**TASK DIRECTIONS:** Nothing but the pictures should be left out when the entries below are duplicated.

**RECORD EXTRACTS:**
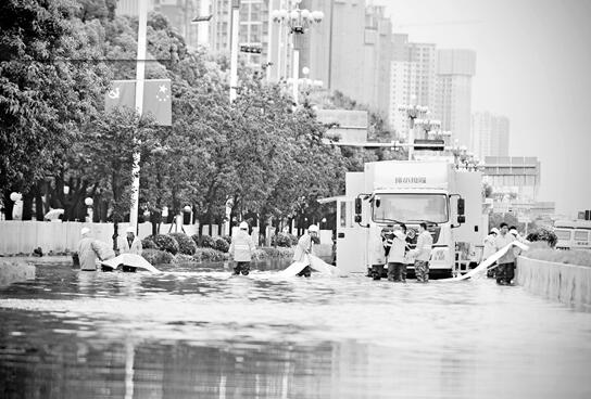 7月24日,一場(chǎng)暴雨后,海源中路與科錦路交叉口積水嚴(yán)重,工作人員緊急排水。記者 龍宇丹 攝
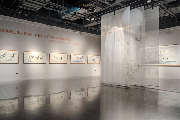 《融界:自然·科技·人文的再生共鸣》作为N+T艺术馆的开馆首展,正是这一理念的生动实践。展览通过艺术与科技的深度融合,构建了一个多维度、沉浸式的思想对话场。鲁晓波水墨艺术展作为首展主题展,以“澄怀味象——鲁晓波水墨丹顶鹤的生态诗心”为题,呈现鲁晓波对传统笔墨语言的当代表达,以及对自然生态、人文精神的持续观照;汤洪波太空摄影展聚焦航天员汤洪波从宇宙回望地球的视角,引发观众对技术文明、未来与家园的哲学反思;清水塘工业摄影展既是鲁晓波这位离乡多年的游子对故土的深情表达,也是其从艺术家视角对株洲工业遗产的影像记录;VR展厅呈现AI生成艺术、VR沉浸剧场与人机交互作品,聚焦科技如何拓展艺术的创作语言与感知维度。各展区既相对独立,又彼此呼应,共同构建出一幅自然、科技与人文深度对话的未来图景,充分诠释“融界”这一核心主题。
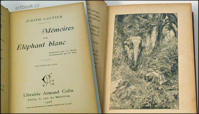 Paris, 5, rue de Mézières, Armand Colin. 1908. Bibliothèque du "Petit Français". Deuxiéme edition. 288 s., ilustrace ALFONS MUCHA (četné il. v textu a řada celostr. z nich 9 tištěno jednostranně), záhlaví kapitol a koncové viněty P. RUTY. Pův. celopl. , tlačená vazba se zlacenou ražbou přední desky a hřbetu. 180x125 Velmi dobře zachováno.
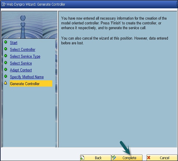 Step 9 − Click ‘Complete’ to create the controller, or enhance it respectively, to generate the service call.
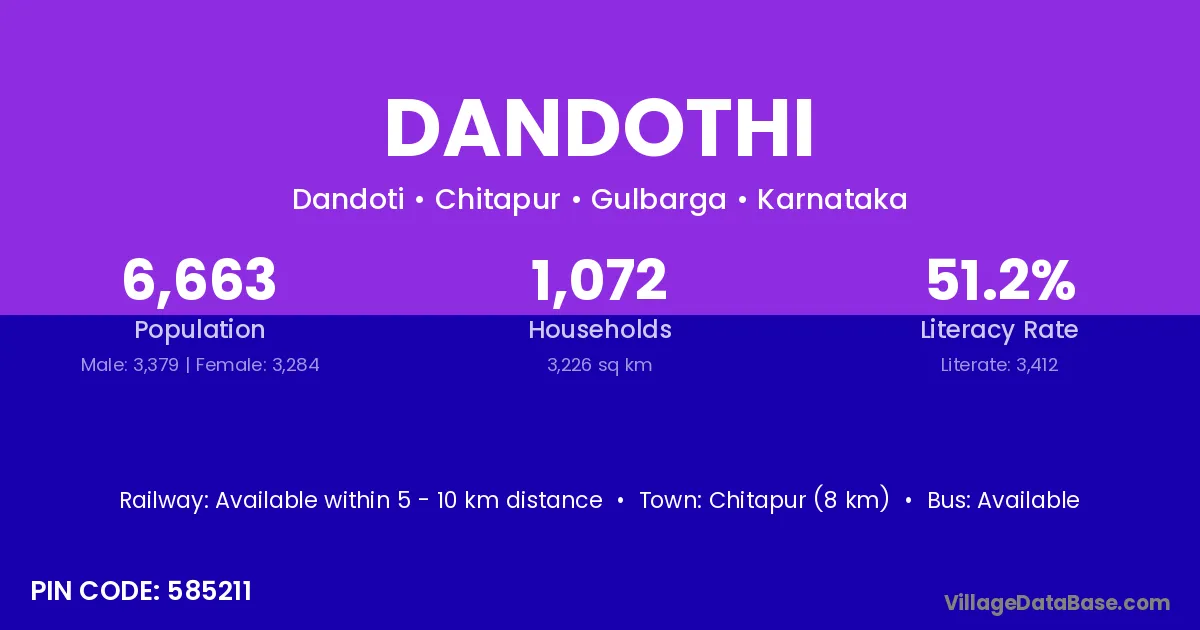 Chitapur (8 km) is the nearest town to Dandothi village for major economic activities and is located approximately 8 km away.
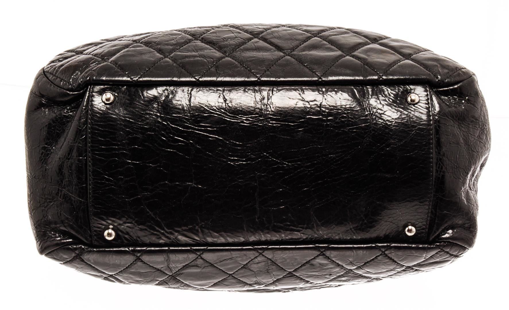 Chanel Black Leather Chain Tote Bag. All available information is listed in the description and shown in the photos. chanel black leather chain tote bag with gold-tone hardware, chain-link shoulder strap, full lining, top zip fastening. Height: 20.32 cm (8 in), Width: 19.05 cm (7.5 in), Depth: 3.81 cm (1.5 in)
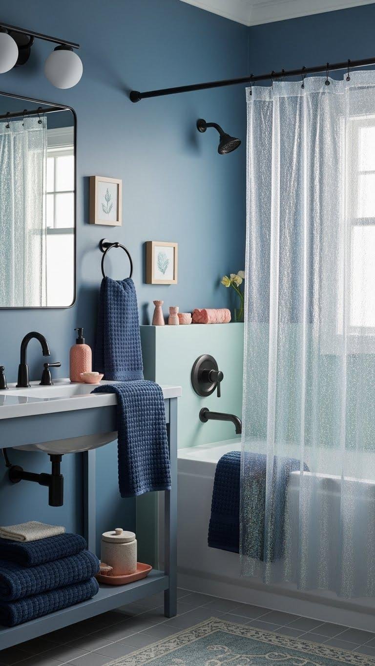 Layer marine textiles, like textured towels and a shimmery shower curtain, to evoke waves. Add subtle coral accents in ceramics or art for contrast.
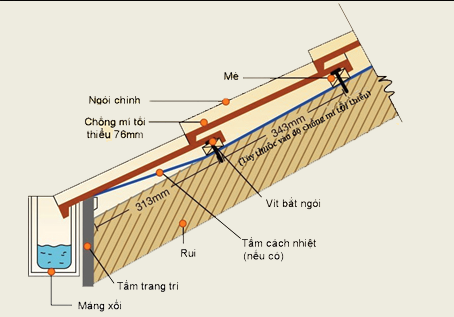 Khi độ dốc mái từ 27° đến 31° thì khoàng cách mè là 343mm và độ chồng mí là 76mm.
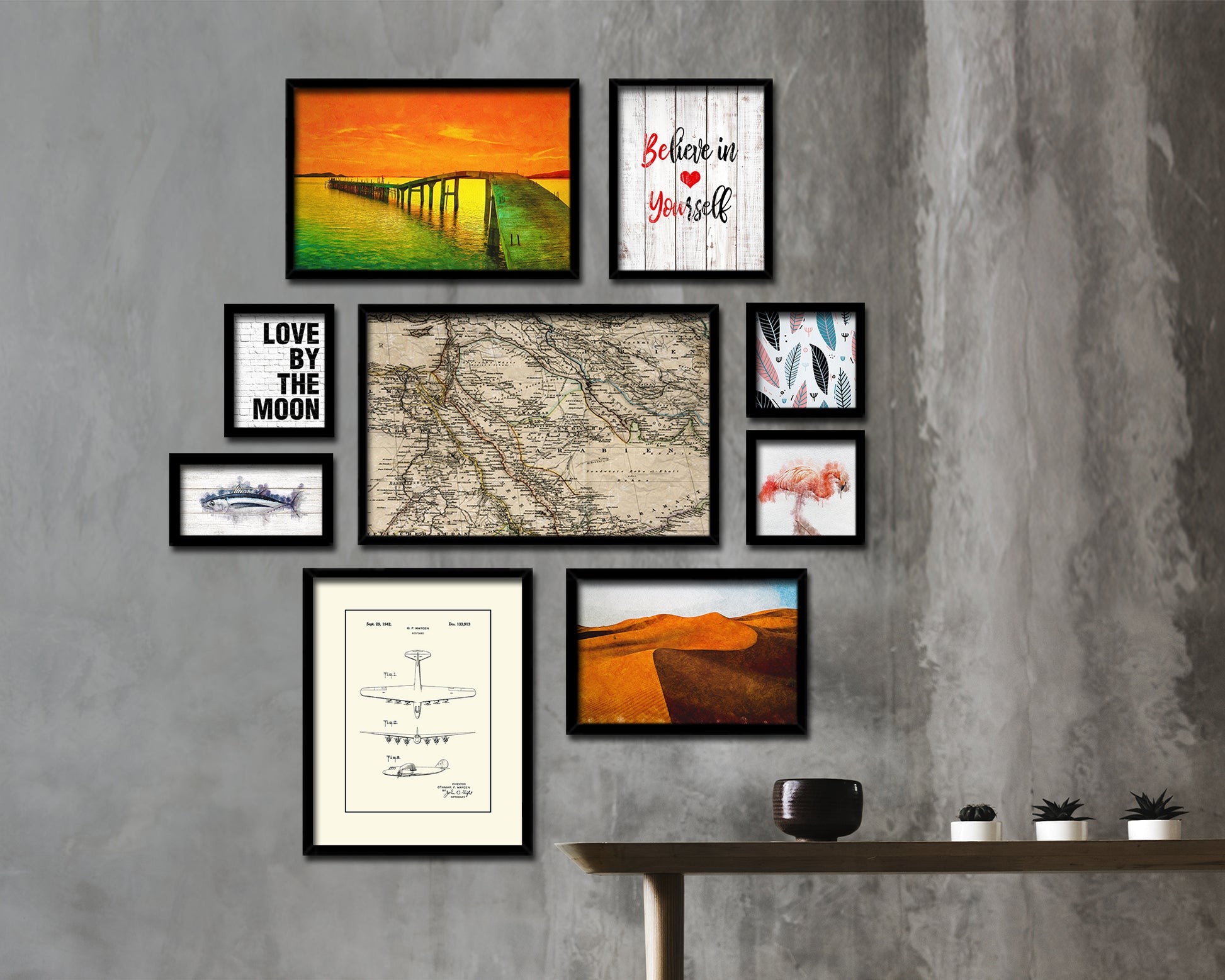 Saudi Arabia Iraq Middle East 1875 Historical Map Framed Print Art Wall Decor Gifts
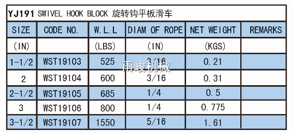 • 產(chǎn)品描述:該款滑輪有很多款式,有平板旋轉(zhuǎn)環(huán)的,旋轉(zhuǎn)鉤的,固定環(huán)的,也有平板平座可以固定的,尺寸小,靈活,從1-1/2”到5寸,拉力從525 LBS到1900 LBS,可以適用于很多小噸位的起重作業(yè)工作。于澳洲和美洲的牧場(chǎng)上,有廣泛應(yīng)用。
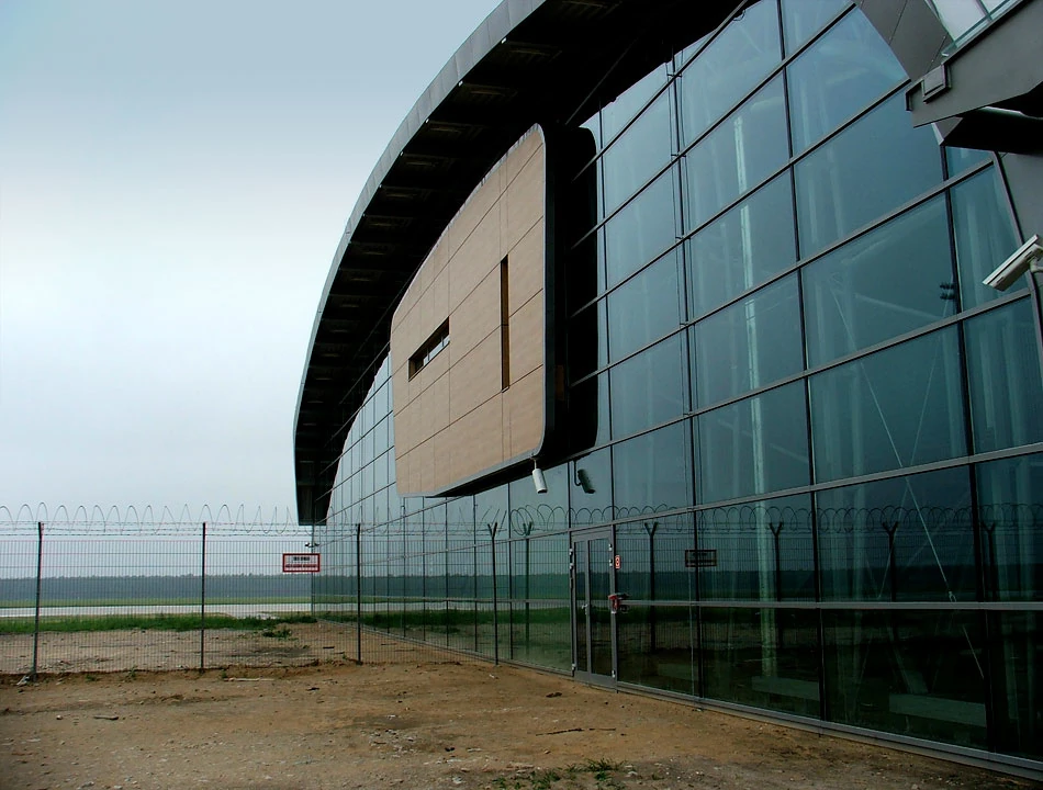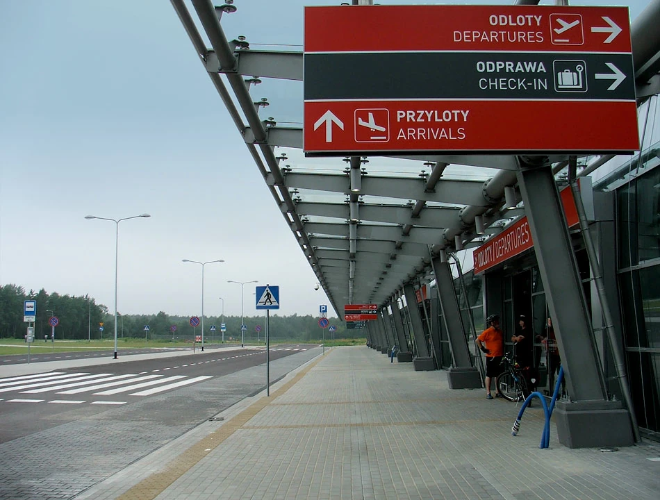 Budynek lotniska zaprojektowała pracownia APA Kuryłowicz i Associates. Stefan Kuryłowicz był zapalonym pilotem i projektując terminal lotniska inspirował się budową skrzydła samolotu. Budynek lotniska jest rzeczywiście prosty, nam przywodzi na myśl lotniczy hangar. Objeżdżamy lotnisko dookoła i drogą numer 62 kierujemy się w stronę miejscowości Mochty-Smok.

**SOLUTION TO THE PROBLEM:**
 7月24日,一場(chǎng)暴雨后,海源中路與科錦路交叉口積水嚴(yán)重,工作人員緊急排水。記者 龍宇丹 攝
 《融界:自然·科技·人文的再生共鸣》作为N+T艺术馆的开馆首展,正是这一理念的生动实践。展览通过艺术与科技的深度融合,构建了一个多维度、沉浸式的思想对话场。鲁晓波水墨艺术展作为首展主题展,以“澄怀味象——鲁晓波水墨丹顶鹤的生态诗心”为题,呈现鲁晓波对传统笔墨语言的当代表达,以及对自然生态、人文精神的持续观照;汤洪波太空摄影展聚焦航天员汤洪波从宇宙回望地球的视角,引发观众对技术文明、未来与家园的哲学反思;清水塘工业摄影展既是鲁晓波这位离乡多年的游子对故土的深情表达,也是其从艺术家视角对株洲工业遗产的影像记录;VR展厅呈现AI生成艺术、VR沉浸剧场与人机交互作品,聚焦科技如何拓展艺术的创作语言与感知维度。各展区既相对独立,又彼此呼应,共同构建出一幅自然、科技与人文深度对话的未来图景,充分诠释“融界”这一核心主题。
 Paris, 5, rue de Mézières, Armand Colin. 1908. Bibliothèque du "Petit Français". Deuxiéme edition. 288 s., ilustrace ALFONS MUCHA (četné il. v textu a řada celostr. z nich 9 tištěno jednostranně), záhlaví kapitol a koncové viněty P. RUTY. Pův. celopl. , tlačená vazba se zlacenou ražbou přední desky a hřbetu. 180x125 Velmi dobře zachováno.
 Step 9 − Click ‘Complete’ to create the controller, or enhance it respectively, to generate the service call.
 Chitapur (8 km) is the nearest town to Dandothi village for major economic activities and is located approximately 8 km away.
 Chanel Black Leather Chain Tote Bag. All available information is listed in the description and shown in the photos. chanel black leather chain tote bag with gold-tone hardware, chain-link shoulder strap, full lining, top zip fastening. Height: 20.32 cm (8 in), Width: 19.05 cm (7.5 in), Depth: 3.81 cm (1.5 in)
 Layer marine textiles, like textured towels and a shimmery shower curtain, to evoke waves. Add subtle coral accents in ceramics or art for contrast.
 Khi độ dốc mái từ 27° đến 31° thì khoàng cách mè là 343mm và độ chồng mí là 76mm.
 Saudi Arabia Iraq Middle East 1875 Historical Map Framed Print Art Wall Decor Gifts
 • 產(chǎn)品描述:該款滑輪有很多款式,有平板旋轉(zhuǎn)環(huán)的,旋轉(zhuǎn)鉤的,固定環(huán)的,也有平板平座可以固定的,尺寸小,靈活,從1-1/2”到5寸,拉力從525 LBS到1900 LBS,可以適用于很多小噸位的起重作業(yè)工作。于澳洲和美洲的牧場(chǎng)上,有廣泛應(yīng)用。
 Budynek lotniska zaprojektowała pracownia APA Kuryłowicz i Associates. Stefan Kuryłowicz był zapalonym pilotem i projektując terminal lotniska inspirował się budową skrzydła samolotu. Budynek lotniska jest rzeczywiście prosty, nam przywodzi na myśl lotniczy hangar. Objeżdżamy lotnisko dookoła i drogą numer 62 kierujemy się w stronę miejscowości Mochty-Smok.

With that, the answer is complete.